# Work task
Go line by line through the records below. Copy whichever lines contain the string "first".

Records excerpted from a collection
################
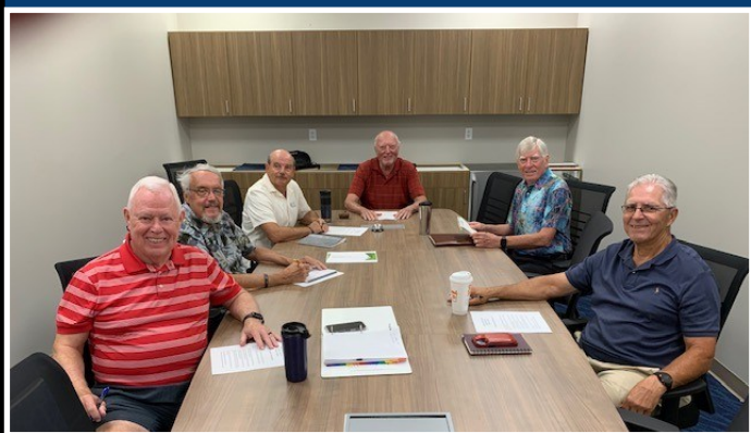
The Elders hold their first meeting in the new Conference Room
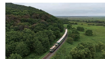
Kushiro-Shitsugen Norocco Train
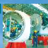
PROCUREMENT, MANUFACTURING, PRODUCTION AND LOGISTICS
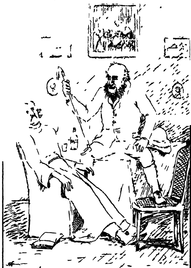
The first Surgeon
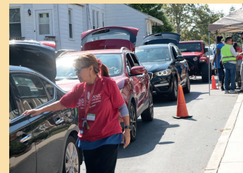
Grace Episcopal Church
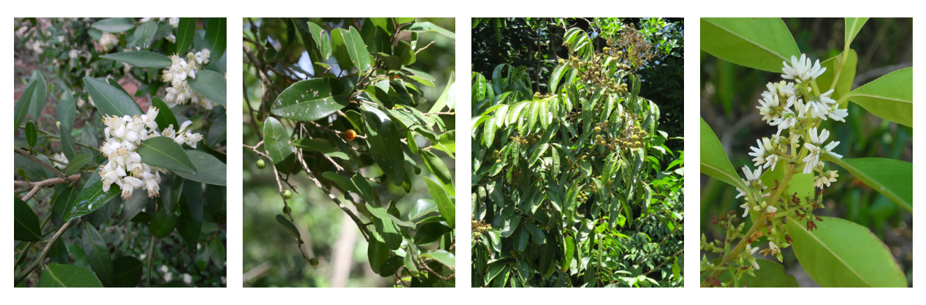
Evergreen trees[left to right]: Atalantia racemosa, Drypetes sepiaria, Lepisanthes tetraphylla, Chionanthus Zeylanica
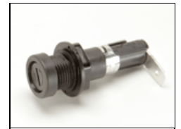
1320016 Fuseholder-Panel Mount 5X20-LoPro
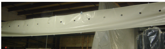
Plastic Bags are an Inexpensive Alternative to Metal Ductwork

Successful heat recovery projects such as this are likely to be broadly applicable to companies with operations producing waste heat.
################
# Response
The Elders hold their first meeting in the new Conference Room
The first Surgeon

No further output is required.